Using the listing below, print the line containing "Set Incarcator Wireless", the line containing "নদীর অবনতি, জলবায়ু", and each line between them, exactly and nothing else. Pictures stay out of the print.

START DATA RECORDS

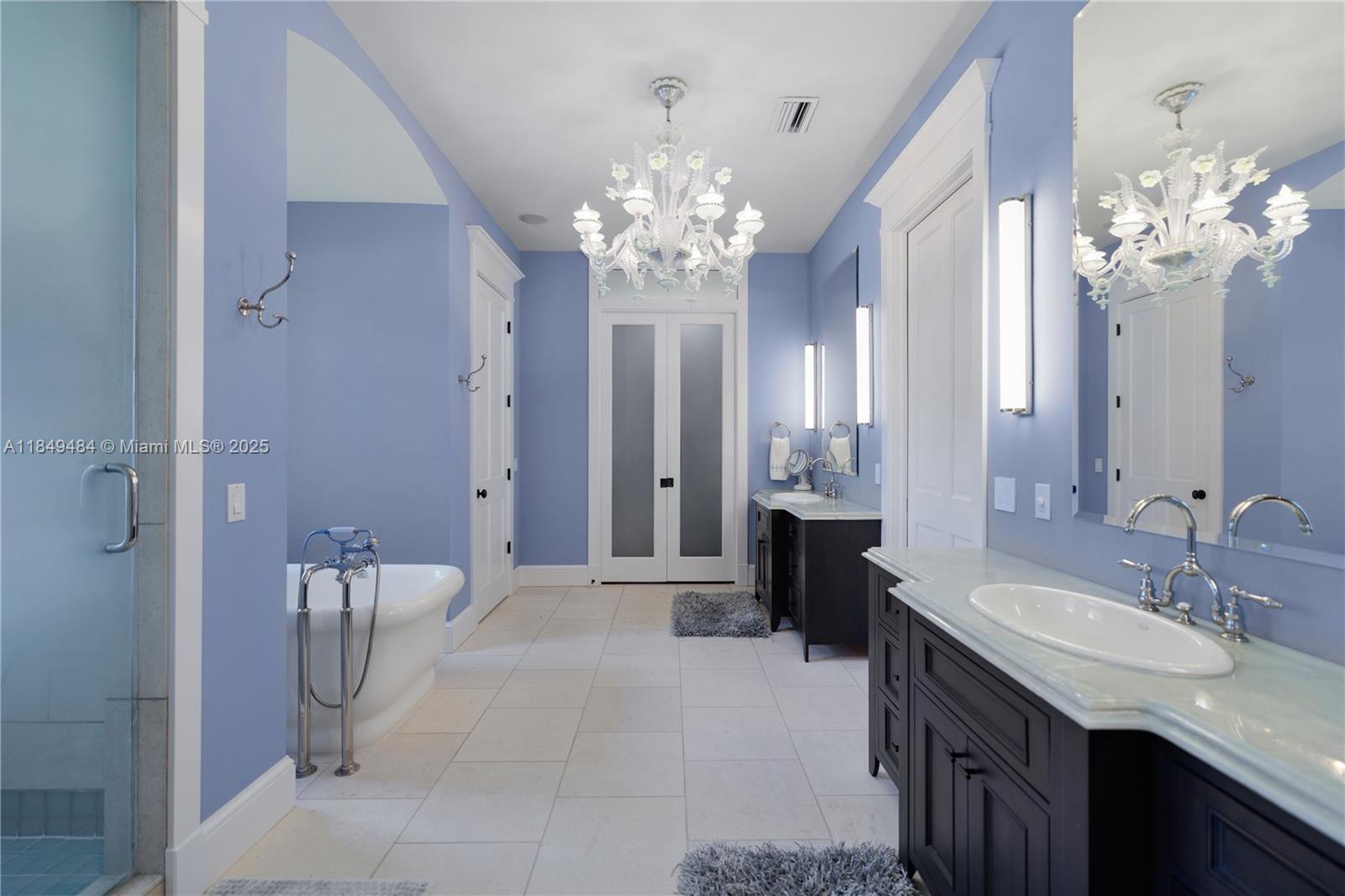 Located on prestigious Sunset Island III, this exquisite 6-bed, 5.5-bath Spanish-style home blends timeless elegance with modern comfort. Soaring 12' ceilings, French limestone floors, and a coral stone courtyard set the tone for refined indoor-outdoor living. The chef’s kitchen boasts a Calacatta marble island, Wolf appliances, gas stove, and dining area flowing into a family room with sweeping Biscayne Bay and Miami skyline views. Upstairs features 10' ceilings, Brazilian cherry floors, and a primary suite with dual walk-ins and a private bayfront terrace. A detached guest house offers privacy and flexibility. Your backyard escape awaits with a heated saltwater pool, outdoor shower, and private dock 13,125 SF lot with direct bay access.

END DATA RECORDS
START DATA RECORDS

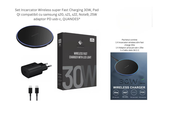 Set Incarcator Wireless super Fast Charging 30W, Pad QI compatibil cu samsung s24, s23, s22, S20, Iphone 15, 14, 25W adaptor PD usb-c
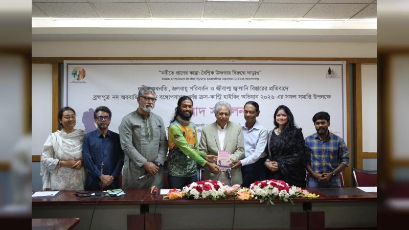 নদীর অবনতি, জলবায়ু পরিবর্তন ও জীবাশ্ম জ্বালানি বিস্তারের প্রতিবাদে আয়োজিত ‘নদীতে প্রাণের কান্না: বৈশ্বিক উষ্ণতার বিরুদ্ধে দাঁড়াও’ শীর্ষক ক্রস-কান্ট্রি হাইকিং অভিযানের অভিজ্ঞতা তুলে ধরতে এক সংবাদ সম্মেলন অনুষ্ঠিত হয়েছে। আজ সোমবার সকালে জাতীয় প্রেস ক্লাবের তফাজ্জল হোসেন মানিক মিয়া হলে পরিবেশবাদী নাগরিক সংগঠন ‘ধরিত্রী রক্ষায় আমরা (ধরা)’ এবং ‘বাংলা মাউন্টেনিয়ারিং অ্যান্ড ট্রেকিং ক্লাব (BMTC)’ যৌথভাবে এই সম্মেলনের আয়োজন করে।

END DATA RECORDS

EXPECTED ANSWER ->
 Set Incarcator Wireless super Fast Charging 30W, Pad QI compatibil cu samsung s24, s23, s22, S20, Iphone 15, 14, 25W adaptor PD usb-c
 নদীর অবনতি, জলবায়ু পরিবর্তন ও জীবাশ্ম জ্বালানি বিস্তারের প্রতিবাদে আয়োজিত ‘নদীতে প্রাণের কান্না: বৈশ্বিক উষ্ণতার বিরুদ্ধে দাঁড়াও’ শীর্ষক ক্রস-কান্ট্রি হাইকিং অভিযানের অভিজ্ঞতা তুলে ধরতে এক সংবাদ সম্মেলন অনুষ্ঠিত হয়েছে। আজ সোমবার সকালে জাতীয় প্রেস ক্লাবের তফাজ্জল হোসেন মানিক মিয়া হলে পরিবেশবাদী নাগরিক সংগঠন ‘ধরিত্রী রক্ষায় আমরা (ধরা)’ এবং ‘বাংলা মাউন্টেনিয়ারিং অ্যান্ড ট্রেকিং ক্লাব (BMTC)’ যৌথভাবে এই সম্মেলনের আয়োজন করে।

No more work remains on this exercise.